編集長・正木京子のこの人に会いたい!


芸術文化センターを訪れても、まずお目にかかる機会がない人たち、それが舞台裏を支えるスタッフ陣です。
その中でも「この人がなければ、今の芸文センターはなかった」と言われる、舞台技術部長・小山内秀夫さんにお話をうかがいました。


設計段階から関与
ホール建造計画は震災前からありました。
バブル崩壊と震災により大幅に計画が縮小されて、最初の設計図を見直したのですが、2年がかりでした。
「新しいホールづくりをしたい。現場がわかる専門家がほしい」という兵庫県の依頼で着任したのが1998(平成10)年。劇作家の山崎正和さん(現・芸術文化センター芸術顧問)からも推薦をして頂きました。
当時、私は銀座セゾン劇場(現・ル テアトル銀座)にいましたが、着任2年前からセゾン劇場に在籍しながら芸文センターの設計図のチェックをしました。

ここは地下に宮水の水脈があるので、17m掘り下げるのが限度です。それでは奈落の高さが確保できません。そのために舞台の位置をかなり高くする必要がありました。
様々、制約の多い中での設計見直しでしたね。
当時は「ハコもの行政」と揶揄される風潮がありましたから、「創造発信型のいいものを造る」ということに全てを集約しました。
いよいよ着工できたのは、2002(平成14)年11月、平成10年時の建設コスト面から見直した設計となり、また構想から14年目です。
 

理想的なホールづくり
「ホールの色彩は舞台と観客が醸し出すもので、施設はそれを引き出すものなので、内装の色彩はモノトーンで」というのが私の考えです。
しかし安普請は困ります。 ホールは、おしゃれをして来たい場でもあって、公立ホールであってもある程度のグレードを保たないといけません。

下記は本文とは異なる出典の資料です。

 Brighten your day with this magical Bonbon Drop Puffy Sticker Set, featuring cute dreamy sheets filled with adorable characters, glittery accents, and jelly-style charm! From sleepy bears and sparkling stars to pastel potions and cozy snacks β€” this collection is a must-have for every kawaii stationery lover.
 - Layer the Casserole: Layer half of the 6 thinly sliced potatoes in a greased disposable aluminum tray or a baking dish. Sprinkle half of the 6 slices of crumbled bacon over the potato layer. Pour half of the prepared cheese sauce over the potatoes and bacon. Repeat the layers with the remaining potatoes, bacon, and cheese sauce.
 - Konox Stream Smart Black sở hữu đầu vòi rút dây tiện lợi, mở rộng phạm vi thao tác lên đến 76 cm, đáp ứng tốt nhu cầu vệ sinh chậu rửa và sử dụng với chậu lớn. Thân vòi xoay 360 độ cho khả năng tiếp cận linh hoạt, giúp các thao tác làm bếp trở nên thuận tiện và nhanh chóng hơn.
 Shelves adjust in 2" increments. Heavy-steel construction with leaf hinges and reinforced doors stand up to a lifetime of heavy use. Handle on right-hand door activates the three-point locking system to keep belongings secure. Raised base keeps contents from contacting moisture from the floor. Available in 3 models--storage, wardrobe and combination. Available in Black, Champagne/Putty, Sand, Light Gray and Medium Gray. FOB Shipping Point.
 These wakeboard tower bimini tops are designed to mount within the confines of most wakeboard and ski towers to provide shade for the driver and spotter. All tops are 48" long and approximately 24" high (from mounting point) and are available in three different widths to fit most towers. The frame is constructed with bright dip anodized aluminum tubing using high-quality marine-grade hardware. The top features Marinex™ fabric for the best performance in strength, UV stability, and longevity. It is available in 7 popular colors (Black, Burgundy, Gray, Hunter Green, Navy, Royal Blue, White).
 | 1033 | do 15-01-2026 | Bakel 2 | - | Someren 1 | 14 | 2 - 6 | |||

ホールの柱は花型になっています。ハツリ(表面の削り)を入れて温かみを出したりしています。壁とか椅子とかの多数のものは工事中にはサンプルをいくつも造って選定しました。
壁のレンガは全て職人さんの手積みですし、壁の1ミリの段差や配列も職人さんの手によるものです
苦労したのは、八角形の小ホールでしたね。音の響きを優先し壁の弧に合わせて1本1本の壁の木材の角度を変えています。

建設後に手直しする手間とコストを考えると、建設中に問題をクリアさせる方がよいと考えて、大ホールと小ホールの10分の1サイズの模型を造り、音響実験をして活かしました。
また、設計者の日建設計が、神戸国際ホールや岸和田ホールで積み重ねたスキルを教材として活かすことができました。

壁はマホガニー、床はスポッテドガムで、無垢の木のぬくもりをそのまま伝えています。
ホールの上演中は閉塞感がありますので、休憩中はすべてのホールのホワイエから外が見えるような拘りをしてあります。共通ロビーには、ベンチに腰掛けて中庭を眺めたり、中庭からこぼれる光を受けて休んでおられる人の姿がありますね。


舞台裏も快適に
センターの事務所は、中庭から吹き上がった空間を囲んで、開放感のある造りになっています。
ホールの事務所というと、施設を有効に利用する観点から地下や建物の奥にあることが多いのですが、パリのオペラ・バスチーユでは、事務所棟に日本庭園があるんですよ。
事務環境を整えて働く人が心豊かに過ごせるようにという目的からですね。

楽団のリハーサル室を出ると、ゆったりとしたソファでくつろげるようになっています。さらに外に出れば六甲山を仰いで街を見渡せるバルコニーがあります。
アーティストはナーバスになるので、ほっとできる空間が必要なんです。
これは前述のように、観客にとっても、アーティストにとっても良い環境になりました。公演のない日を含めて、地域の方々がロビーに三々五々来られます。

開館5年、設計から数えると8年経過して、そろそろ交換時期になっている設備もありますが、建物は基本的には50年にわたって使える物という視点で建造しました。